General election in Tunisia

General elections were held in Tunisia on 2 April 1989. It was the first time presidential elections had been held since 1974, as Habib Bourguiba had been declared President-for-life the following year. However, Bourguiba was declared medically unfit to rule in 1987, and was succeeded by Prime Minister Zine El Abidine Ben Ali. In the presidential election, Ben Ali was the only candidate to obtain endorsements from 30 political figures, as required by the Constitution. As a result, he was unopposed for a full term.

In the Chamber of Deputies election, the Constitutional Democratic Rally (a renamed Socialist Destourian Party) won 80.6 percent of the vote and all 141 seats. According to official figures, voter turnout was 76.5% in the parliamentary election and 76.1% in the presidential election.

==Results==
===President===

| Candidate |  | Party | Votes | % |
|  | Zine El Abidine Ben Ali | Constitutional Democratic Rally | 2,087,028 | 100.00 |
| Total |  |  | 2,087,028 | 100.00 |
| Valid votes |  |  | 2,087,028 | 99.27 |
| Invalid/blank votes |  |  | 15,348 | 0.73 |
| Total votes |  |  | 2,102,376 | 100.00 |
| Registered voters/turnout |  |  | 2,762,109 | 76.11 |
Source: Nohlen et al.

===Chamber of Deputies===
Although the elections were the closest Tunisia had come to a free election at the time, the results were heavily contested. Different sources offer ostensibly official figures that diverge significantly, particularly in respect to the share of votes received by the Ennahda Movement. Without official recognition as a party, the party fielded independent candidates that received between 10% and 17% of the vote nationally according to different "official" results quoted by different academics.

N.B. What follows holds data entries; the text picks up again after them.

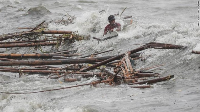 Cơ quan cứu trợ Philippines cảnh báo, hàng triệu người có nguy cơ bị ngập lụt và lở đất. 3 trường hợp thiệt mạng đầu tiên do bão Mangkhut tại Philippines đã được xác nhận. Ảnh: Một người đàn ông bị sóng đánh khi đang cố thu nhặt một số vật liệu trôi ngoài biển ở Manila.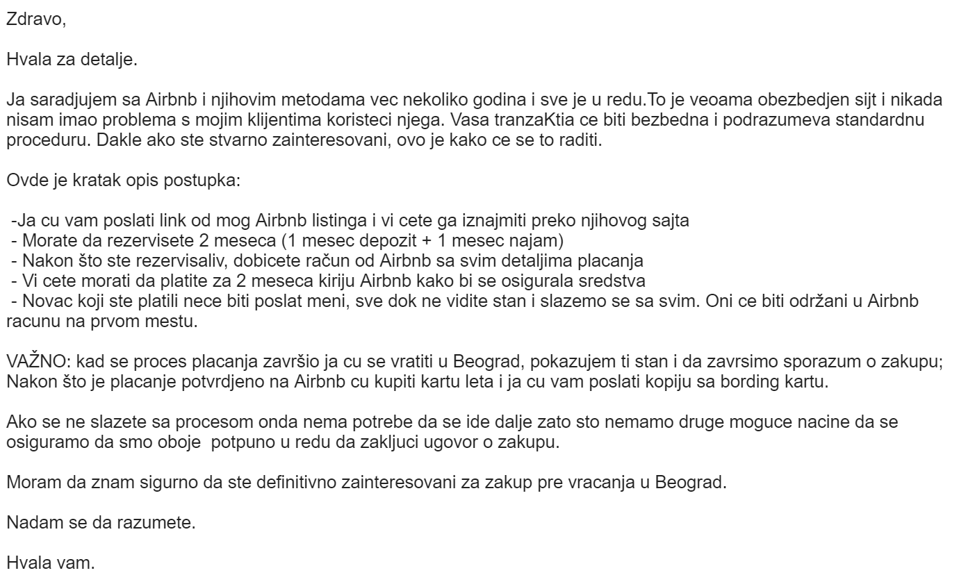 Razočaran, ali iskreno i ushićen jer sam shvatio da sam "omirisao slatkog crvića na toj šiljatoj udici koja je zabačena u moju vodu" nastavljam dalje sa komunikacijom, iz znatiželje da vidim šta je sledeće. Odgovaram da sam i dalje zainteresovan, da znam za airbnb i tražim mu link, uz ponovljeno pitanje na kom se spratu nalazi stan.
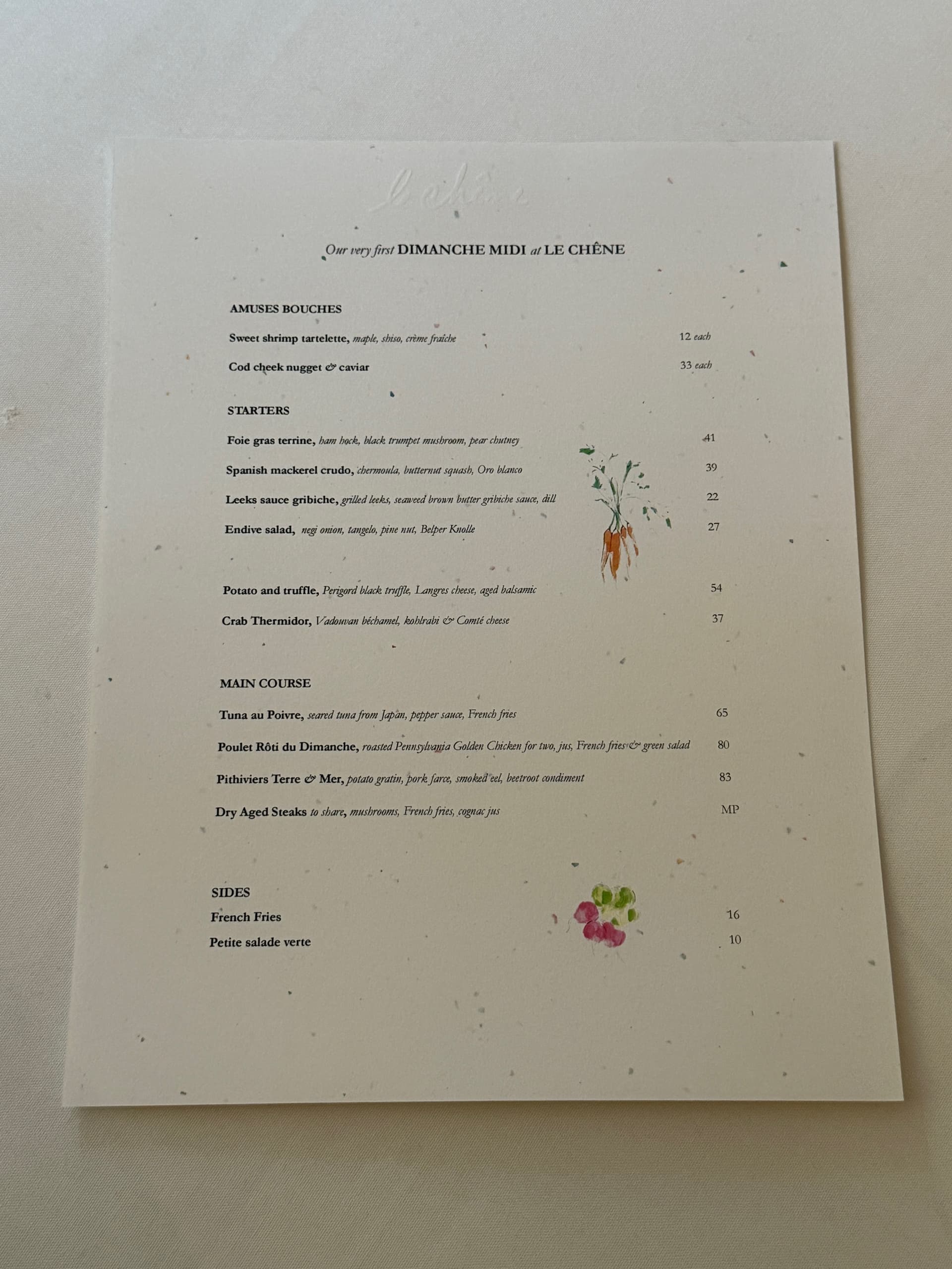 Sunday lunch at Le Chéne was absolutely wonderful. Perfect lunch menu that featured an outstanding Chicken. The wine list is fantastic. You can find lots of wine for ~$100 or if you want to order high-end the wines have very reasonable markups. It is a great light filled room that overlooks Carmine street and highlights a large Basquiat piece. The playlist works well for me. Can’t do much better (other than 4H) for a long leisurely Sunday lunch in a snowy NYC. We had the Keller and placed it next to their Chardonnay lineup (and a beautiful 21 Foillard Cote du Py)! Sadly we did not have 90 Coche CC. The Keller Chard was stunning!!

| Party |  | Votes | % | Seats | +/– |
|  | Constitutional Democratic Rally | 1,633,004 | 80.57 | 141 | +16 |
|  | Movement of Socialist Democrats | 76,520 | 3.78 | 0 | New |
|  | Popular Unity Party | 13,956 | 0.69 | 0 | New |
|  | Unionist Democratic Union | 7,912 | 0.39 | 0 | New |
|  | Leftist Coalition | 7,619 | 0.38 | 0 | New |
|  | Social Party for Progress | 5,270 | 0.26 | 0 | New |
|  | Socialist Progressive Rally | 4,054 | 0.20 | 0 | New |
|  | IRSP | 1,224 | 0.06 | 0 | New |
|  | Independents | 277,155 | 13.68 | 0 | 0 |
| Total |  | 2,026,714 | 100.00 | 141 | +16 |
| Valid votes |  | 2,026,714 | 98.45 |  |  |
| Invalid/blank votes |  | 31,836 | 1.55 |  |  |
| Total votes |  | 2,058,550 | 100.00 |  |  |
| Registered voters/turnout |  | 2,711,925 | 75.91 |  |  |
Source: Nohlen et al.

==Aftermath==
Both the legal opposition and the Ennahda Movement accused the government of electoral fraud, with the Ennahda Movement claiming to have received between 60% and 80% of the vote. According to other analysts, the elections demonstrated the staying power of the state party RCD, which had expanded its membership in the run-up to the election to encompass nearly 40% of the registered electorate.